Агриппа ясно высказал свое мнение: — Есть такие люди, которые предают бога и продают нас. Мы же теряем все, что у нас есть, даже свободу исповедовать нашу веру. И нам остается одно: полное слияние со Христом и с ангелами. Только это дает радость, свободу, жизнь и честь!
Даже для умеющего владеть собой царедворца это было уж слишком. Неизвестно, что задело де Миоссена сильнее — обвинение в предательстве или та небесная победа, какой похвалялся Агриппа. Во всяком случае, первый дворянин тут же поменялся местами с де Нансеем и сел рядом с Агриппой.
— Гугеноты только и умеют проповедовать, — прорычал взбешенный де Нансей некоему господину де Мореверу. А тот ответил:
— Погодите! Погодите! Они еще и кровь свою проливать научатся! — У него был задранный кверху острый нос и близко посаженные глаза.
В этом углу собрались только придворные. Пока длился банкет, гости, сначала сидевшие вперемежку, сами собой разделились на два лагеря. На нижнем конце стола тесной кучкой собрались ревнители истинной веры. Между ними и католиками образовалось пустое пространство.
Де Миоссен вдруг увидел себя окруженным своими старыми друзьями и разлученным с новыми. Сначала он побледнел, затем чувство чести победило; он остался и начал так:
— Кто долго проживет здесь, невольно начинает колебаться, и под конец его охватывают сомнения: верно ли, что мы одни правы перед господом? Радуйтесь, — добавил он, торопясь, чтобы Агриппа не прервал его, — с вами этого не случится, но может случиться с вашим молодым королем, он, как мне сдается, любит в жизни не только слияние со Христом и святыми ангелами.
— Мы не должны бояться смерти! — Агриппа не дал так легко сбить себя с толку. — Смерть — наше прибежище в житейских бурях. И если бы мы сгорели в огне, его пламена взвились бы, опережая нас, к вожделенному престолу предвечного.
Это было красиво сказано, но вызвано вовсе не жаждой смерти, а, наоборот, глубокой убежденностью в том, что сам он, Агриппа, проживет еще очень долго. А как раз в этом молчаливый Миоссен отнюдь не был уверен. Он смотрел на Агриппу задумчивым взглядом до тех пор, пока тот не почувствовал, что разговор уже давно перестал быть просто застольной беседой.
— А что бы вы сказали, д’Обинье, если бы те факелы, которые должны осветить нам путь к вечности, вспыхнули не через двадцать лет, а завтра же, и не в неведомой точке земли, а в замке Лувр?

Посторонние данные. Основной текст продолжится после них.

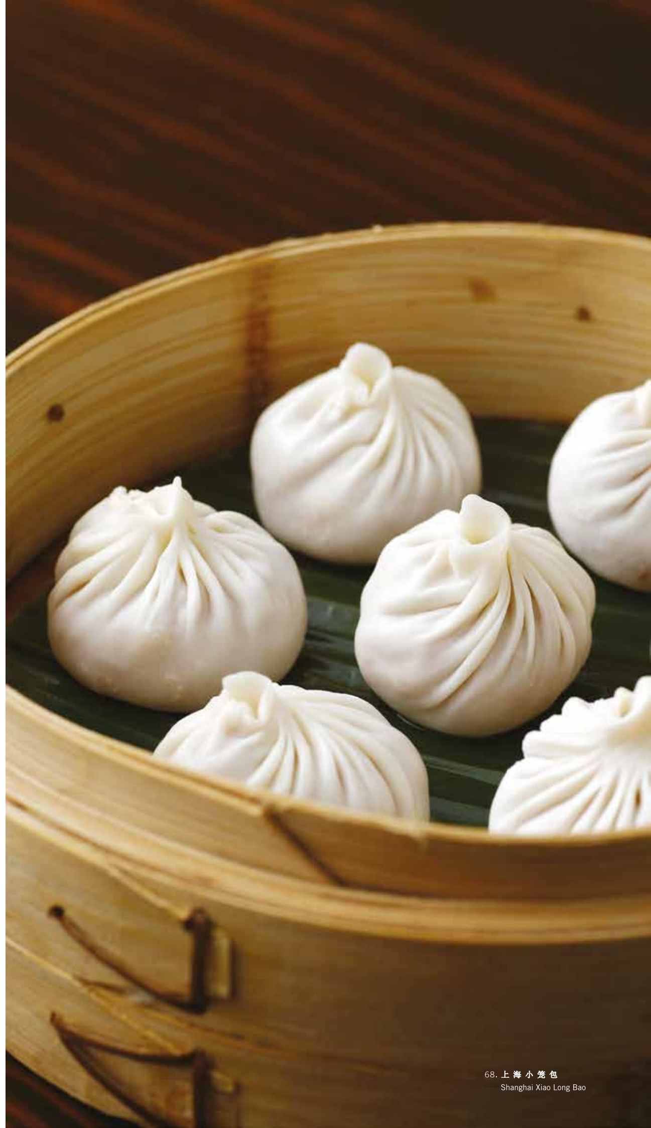
68. 上海小笼包 Shanghai Xiao Long Bao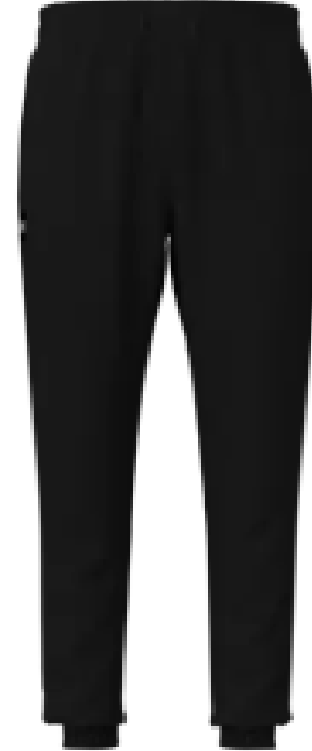
001 Black // Onyx White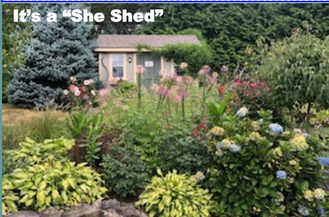
It's a "She Shed"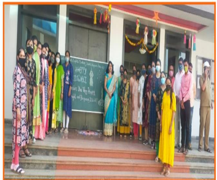
Teachers celebrate Diwali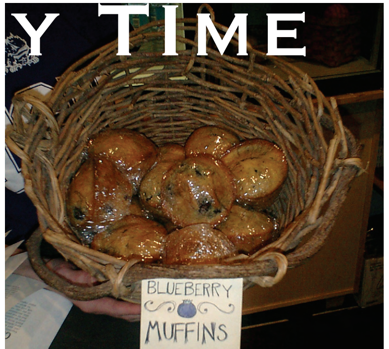
LAUREN PUTNOCKY + THE FLAT HAT

It's hard to make time for breakfast, especially if you have an early-morning class. While one of the ubiquitous campus vending machines may be a tempting option for a last-minute morning meal, it is not a reliable source of sustenance and offers little in the way of nutrition. Just because you can eat candy for breakfast doesn't mean you should. And the snack selection is hit-and-miss anyway; half the time the only things left are Extra-Spicy Hot Fries and those nasty cookies with the chewy fruit blobs in the center. — kt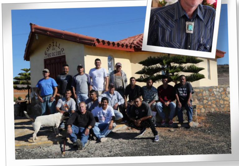
Rancho de Cristo - Men's rehab center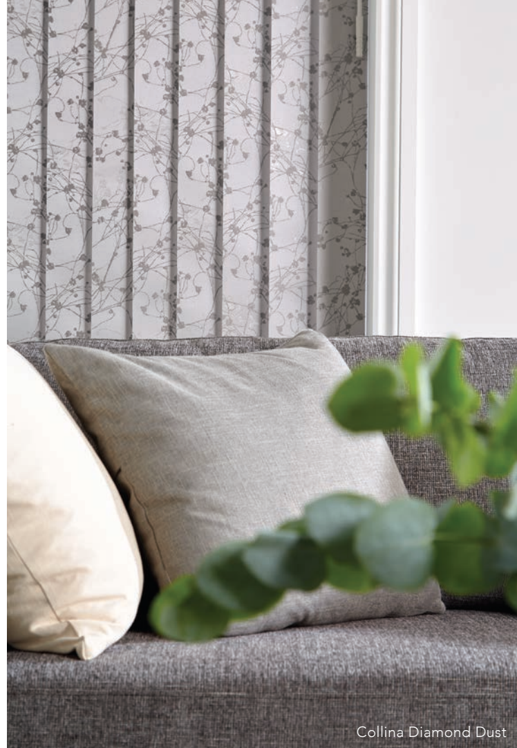
Collina Diamond Dust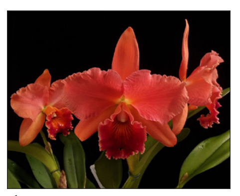
Rlc. Enzan Famtasy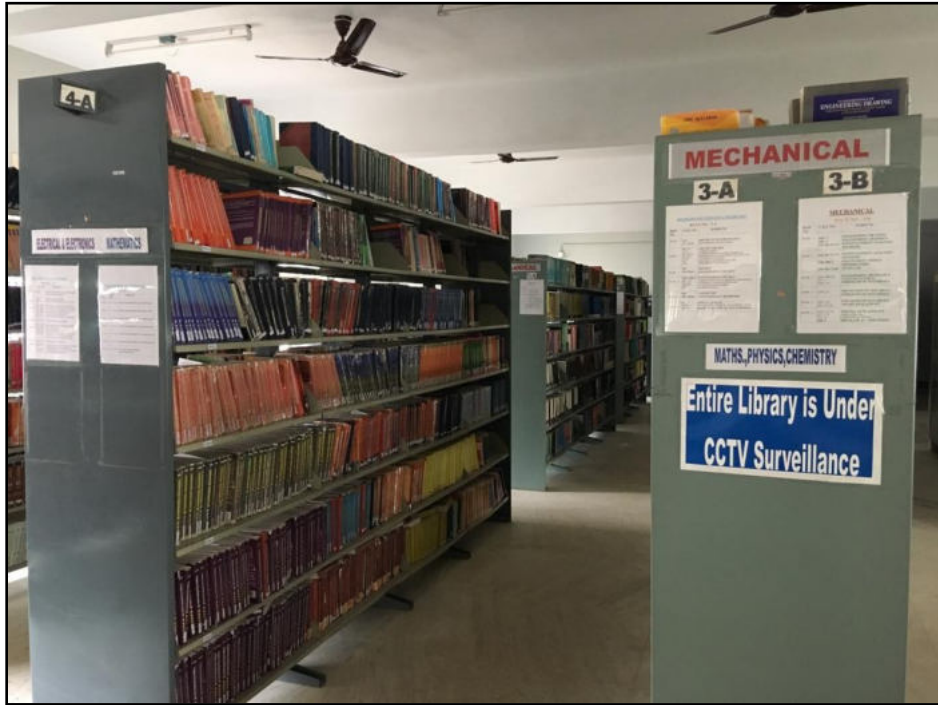
Library Rack Arrangements

Никто уже не прерывал Миоссена; он мог спокойно продолжать свою речь среди бряцания цимбалов и звона кубков.
— Мне известно слишком многое. Тяжесть фактов труднее нести в себе, чем веру. Решение в Лувре почти принято, но еще не окончательно. Какое? Этого я не открою даже самому себе. Во всяком случае, сначала должна состояться свадьба. Ваш король и наша принцесса — такая прелестная молодая пара, что их чувство могло бы смягчить даже злодея. Скажите своим людям: пусть не смеют больше никого задирать — ни придворных, ни народ. Дело дошло до крайности, близок последний час. И как бы кое-кто из нас весьма скоро не вознесся к вожделенному престолу предвечного!
Миоссен встал и докончил, все еще склонившись над столом: — Чуть было не сказал лишнее.
Только виски у него были седые; но сейчас, когда он возвращался к придворным французского короля, стало заметно, что и плечи его сутулятся больше, чем следует в таком возрасте. Встретил Миоссена некий господин де Моревер — острый нос, близко посаженные глаза, сначала он посмотрел на Миоссена сверлящим взглядом и потом уже сказал:
— Все-таки дорвались до своих гугенотов, Миоссен, и все-таки сказали лишнее!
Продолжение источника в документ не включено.